Really? I haven’t. My father didn’t either (my mom was another story.) I’ve told waitresses and clerks that they undercharged me. I’ve returned excessive change. I’ve handed back money to tellers when two bills stuck together. You don’t? What the hell’s the matter with you? Were you raised by Fagin?
Though the commercial was a hit and positively accepted in all of the nations where it was viewed, there is hope: it also received many negative comments and complaints. An Advertising Standards Board—I cannot for the life of me find out which; the U.S. has no such board. I’m guessing Sweden— thus considered whether this advertisement breached its Advertisers Code of Ethics.
The breach would be that the commercial isn’t socially responsible, since it represents taking merchandise from a store that hasn’t been fully paid for as normal and acceptable conduct.
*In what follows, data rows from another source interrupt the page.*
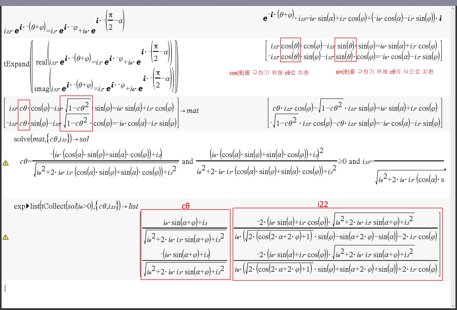 예제와 같이 동일한 벡터 수식을 각도를 변환해서 풀이를 해 보면 cosθ는 동일하게 나오는데 i22가 다르게 나옵니다.
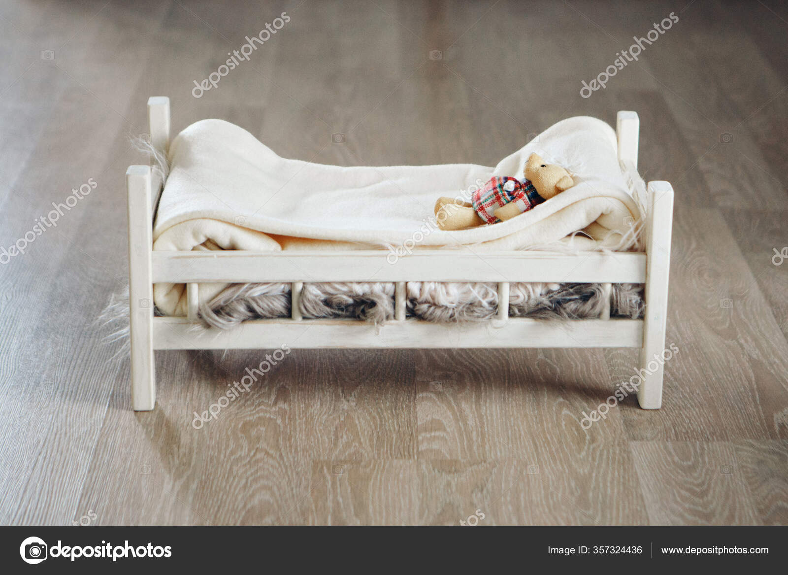 Top View Teddy Bear Lying Wooden Cot wood cot furniture
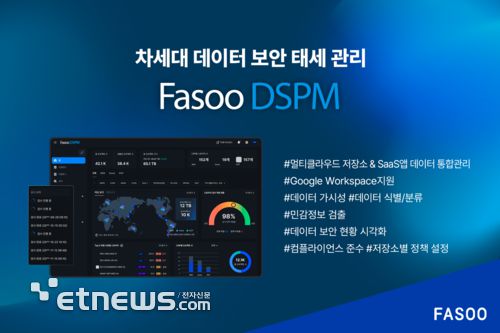 파수(대표 조규곤)는 멀티·하이브리드 클라우드 저장소부터 SaaS 애플리케이션까지 조직 전체 데이터를 관리할 수 있는 'Fasoo DSPM' 신규 버전을 출시했다고 밝혔다.
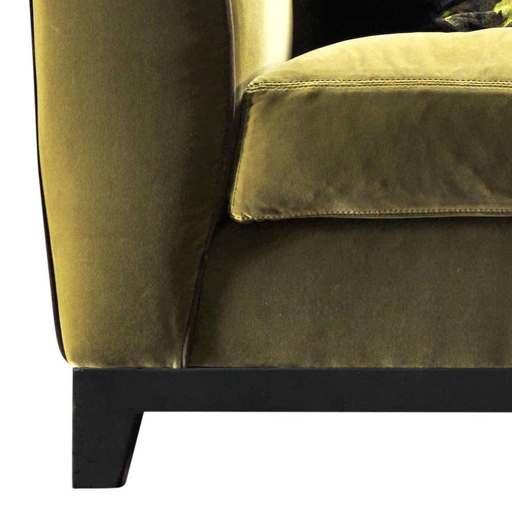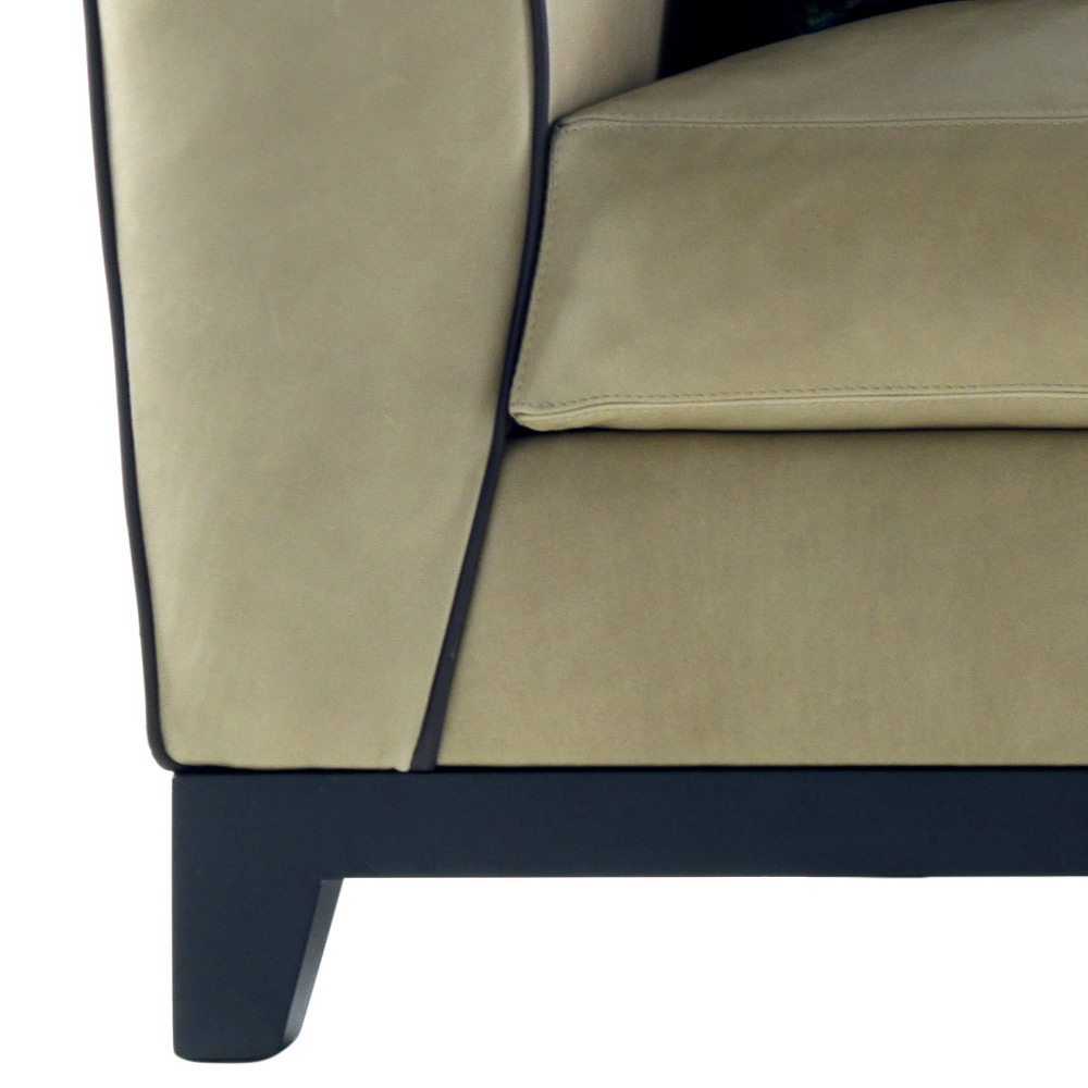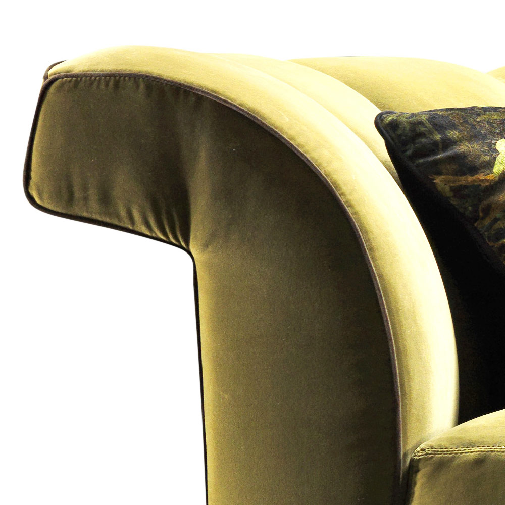 Handgefertigt in Italien mit einer Struktur (Basis, Rücken und Arme) aus massivem Buchenholz; Polsterung aus Polyurethanschaum mit unterschiedlicher Dichte, Sitzkissen aus Gänsedaunen mit flexiblem Polyurethaneinsatz. Der Bezug kann nur entfernt werden, wenn der Stoffbezug ausgewählt wird.

The Board viewed the advertisement in light of the complaints and decided that the ad was ethically inoffensive.
Guess why.
No, go ahead, guess.
The Board ruled that the advertisement was intended to be humorous and the woman had not in fact stolen from the store. Thus it concluded that it could find no find grounds to uphold the complaint as an endorsement of unethical behavior and dismissed the complaint.
And this is why inherently dicey professions like advertising are so frequently unethical. Their standard-makers couldn’t tell a box of ethics from a calliope. The woman’s conduct, motives and values are exactly the same whether she is in fact stealing or whether only thinks she is stealing. The Board’s conclusion is so ethically ignorant as to be frightening. How many people reason this way?
My guess: most of them. This is Rationalization #8, The Trivial Trap (“No harm no foul!”) and shows a lack of understanding of the concept of moral luck. The reasoning goes this way: You throw a hand grenade into a nursery, and it’s a dud, so you did nothing wrong.
Morons.
I have had that exact situation happen to me on several occasions. I was also in retail loss management for 33 years. I have always gone back and had the cashier correct the situation for two main reasons. First, that shortage in inventory or cash will eventually show up, and someone will have to pay for it. That someone will not be the big bad profitable corporation as people assume. It will be a low-level employee or store manager because that is the way these corporations design their compensation packages to deal with inventory and cash shortages. Secondly, I have to live with myself. The ad is in the poorest taste, and after a career of coping with that negative issue on a daily basis, it makes me sick.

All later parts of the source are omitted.